History Blog: Precision Language – Do You Speak It?
Arguably, History has taken over from English as the subject where students exercise the differences between narrative and analysis, develop a genuinely critical distance from a text under study, and practise writing tersely and argumentatively.
Yet perhaps because elective subjects are under pressure to attract students, or because it can take all a teacher’s class time to develop students’ ability to distinguish storytelling from evaluating, History teachers often allow imprecision in language to go unchecked. If this begins in Stage 4 or 5, the exponential growth of that habit (in other subjects too) results in Stage 6 students who may write adequate English but consistently under-achieve because their language doesn’t reflect rigorous thinking.
A case in point
The 2016 Extension History question presented an extract from James Wilkerson’s book A Choice of Fictions: Historians, Memory and Evidence which began with a clear definition of the difference between history and the past.

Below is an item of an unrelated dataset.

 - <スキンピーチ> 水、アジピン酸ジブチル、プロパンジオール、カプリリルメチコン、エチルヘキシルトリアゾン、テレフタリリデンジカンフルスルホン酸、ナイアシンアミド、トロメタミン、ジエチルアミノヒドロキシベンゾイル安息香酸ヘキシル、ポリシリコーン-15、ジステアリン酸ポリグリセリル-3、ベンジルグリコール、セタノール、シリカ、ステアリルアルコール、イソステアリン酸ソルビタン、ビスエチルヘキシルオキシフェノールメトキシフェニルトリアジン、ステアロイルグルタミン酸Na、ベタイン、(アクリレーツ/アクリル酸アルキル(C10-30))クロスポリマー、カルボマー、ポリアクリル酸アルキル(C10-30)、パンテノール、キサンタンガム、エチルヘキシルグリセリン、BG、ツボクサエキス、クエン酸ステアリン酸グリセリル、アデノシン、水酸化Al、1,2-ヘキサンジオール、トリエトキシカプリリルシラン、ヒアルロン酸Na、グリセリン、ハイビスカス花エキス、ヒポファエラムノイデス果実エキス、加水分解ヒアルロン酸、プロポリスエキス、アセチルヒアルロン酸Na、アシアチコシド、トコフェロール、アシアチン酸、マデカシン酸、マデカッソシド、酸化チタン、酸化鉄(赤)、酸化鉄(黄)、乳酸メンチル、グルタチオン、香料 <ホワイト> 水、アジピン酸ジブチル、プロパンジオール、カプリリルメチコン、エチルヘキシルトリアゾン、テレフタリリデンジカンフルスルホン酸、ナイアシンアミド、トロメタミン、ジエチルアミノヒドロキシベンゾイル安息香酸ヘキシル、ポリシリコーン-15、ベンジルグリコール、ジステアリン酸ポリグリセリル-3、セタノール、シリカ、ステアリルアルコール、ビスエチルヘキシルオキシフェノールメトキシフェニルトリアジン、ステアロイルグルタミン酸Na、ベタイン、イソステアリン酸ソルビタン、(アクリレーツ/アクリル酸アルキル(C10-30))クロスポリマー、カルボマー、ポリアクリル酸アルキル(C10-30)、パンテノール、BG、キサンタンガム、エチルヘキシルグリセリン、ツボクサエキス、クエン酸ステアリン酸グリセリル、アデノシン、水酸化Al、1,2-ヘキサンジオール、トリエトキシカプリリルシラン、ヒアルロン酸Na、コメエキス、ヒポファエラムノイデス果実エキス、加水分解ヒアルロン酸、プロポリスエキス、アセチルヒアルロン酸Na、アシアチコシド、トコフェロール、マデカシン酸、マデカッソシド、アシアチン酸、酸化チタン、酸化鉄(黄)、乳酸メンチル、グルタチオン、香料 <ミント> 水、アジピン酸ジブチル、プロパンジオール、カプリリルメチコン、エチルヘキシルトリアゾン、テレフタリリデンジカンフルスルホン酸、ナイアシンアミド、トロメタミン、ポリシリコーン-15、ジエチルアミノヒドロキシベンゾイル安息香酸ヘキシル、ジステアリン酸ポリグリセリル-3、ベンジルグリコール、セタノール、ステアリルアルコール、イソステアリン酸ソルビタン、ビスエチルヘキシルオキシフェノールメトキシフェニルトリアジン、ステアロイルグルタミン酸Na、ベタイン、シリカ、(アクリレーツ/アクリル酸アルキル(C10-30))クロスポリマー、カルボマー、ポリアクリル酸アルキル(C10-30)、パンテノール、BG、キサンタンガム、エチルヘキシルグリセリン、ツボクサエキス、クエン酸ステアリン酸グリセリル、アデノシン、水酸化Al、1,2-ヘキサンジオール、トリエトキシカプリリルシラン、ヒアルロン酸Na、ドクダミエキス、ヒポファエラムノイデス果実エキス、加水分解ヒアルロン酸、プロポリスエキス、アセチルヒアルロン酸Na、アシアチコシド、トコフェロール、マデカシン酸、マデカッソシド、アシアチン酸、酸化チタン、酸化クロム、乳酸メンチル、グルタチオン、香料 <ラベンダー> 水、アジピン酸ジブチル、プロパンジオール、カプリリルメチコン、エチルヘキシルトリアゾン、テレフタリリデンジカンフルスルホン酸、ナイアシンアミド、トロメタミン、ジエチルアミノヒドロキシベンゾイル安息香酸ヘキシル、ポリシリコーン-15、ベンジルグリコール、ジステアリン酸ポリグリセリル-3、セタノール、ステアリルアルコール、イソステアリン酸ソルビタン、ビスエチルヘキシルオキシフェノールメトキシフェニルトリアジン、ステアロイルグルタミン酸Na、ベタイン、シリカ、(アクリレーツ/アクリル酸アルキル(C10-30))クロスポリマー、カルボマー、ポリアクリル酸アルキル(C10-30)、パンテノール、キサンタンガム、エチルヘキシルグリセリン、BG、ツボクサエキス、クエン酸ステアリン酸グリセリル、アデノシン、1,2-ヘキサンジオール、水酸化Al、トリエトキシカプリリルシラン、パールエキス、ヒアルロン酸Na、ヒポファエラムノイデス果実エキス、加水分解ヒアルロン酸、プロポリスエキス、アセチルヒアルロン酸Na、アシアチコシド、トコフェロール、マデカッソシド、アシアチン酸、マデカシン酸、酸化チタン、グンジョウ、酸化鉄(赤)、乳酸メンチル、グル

The question asked To what extent has the changing nature of ‘evidence’ influenced approaches to history over time?
The scare-quotes show the exam paper itself trying hard to warn students of the special meaning of ‘evidence’, and suggesting that a strong response would follow Wilkerson’s method and begin by defining this term. (This was pretty generous, given the presence of a definition in the glossary which accompanies the syllabus.) Yet many Extension students responded by writing diligent responses about sources.
Perhaps it’s because elective subjects are under pressure to attract students and don’t want to feel ‘negative’ or ‘nitpicking’, or because developing the broad skills of separating storytelling from evaluating can take up most of the class time, or even because we’re human and get lazy in our own terminology. But often imprecision in language goes unchecked.
Obviously, this isn’t unique to History: English routinely muddles together abstract entities like ‘themes’ and ‘values’. The result of no longer teaching parsing and sentence construction has been to produce students who don’t recognize (and therefore clearly convey) cause and effect, agency and action, or the difference between subjective and objective statements.
This isn’t grammar Nazism. The inability to distinguish similar, but vitally different, abstract nouns adds up to an inability to recognize that those nouns refer to operations of thought, and that those in turn produce very different results.
In other words: the + sign and the ÷ sign look similar from a distance, but have very different operations.
Same thing with sources and evidence. The former is the basis of historical narrative. The latter is the basis of historical argument. Or if you want to think about it grammatically, sources answer questions while evidence supports propositions.
All evidences are sources, but not all sources are evidence.
Strong History students will sense by Stage 6 that there’s a difference between the items remaining from the past, and the subset of those items which back up one way of telling the story of the past. But only precision in language can convey that sophisticated sense.
If this begins in Stage 4 or 5, the exponential growth of that habit (in other subjects too) results in Stage 6 students who may write adequate English but consistently under-achieve because their language doesn’t reflect rigorous thinking. It can be the difference between a student who feels supported and developed by History, and that it has sufficient rigor and disciplinary integrity to be taken at university, and a student who sees it as less-emotional English, where the wool can be pulled over a marker’s eyes with windy essays that bamboozle and bore.
The clearest solution is consistently to model what we teach, showing that language is only the ‘front end’ of thinking operations. Reinforcing this visually, with posters or screensavers which clearly define the different operations, is helpful even to the oldest and most sophisticated students!
Testing this knowledge explicitly, with on-the-spot tests and games, drives home the right stuff for History from Year 7 or 8. Games are easily devised for even quite young students which reinforce the difference between source and evidence, primary and secondary (or tell and retell for very young students), history and past, and are an excellent way to start classes or to have a fun weekly break.
For older students, playing more sophisticated logic games like the Henkin-Hintikka Game using historical propositions and arguments shows the difference between questions, propositions, arguments, validity and invalidity and soundness.
Ramping up – and keeping – the precision in language benefits everyone. Students who will value History’s rigor will naturally cleave to the stringency of its language; and even those who don’t take the subject in Stage 6 should be left speaking respectfully of its insistence on the highest standards of clarity.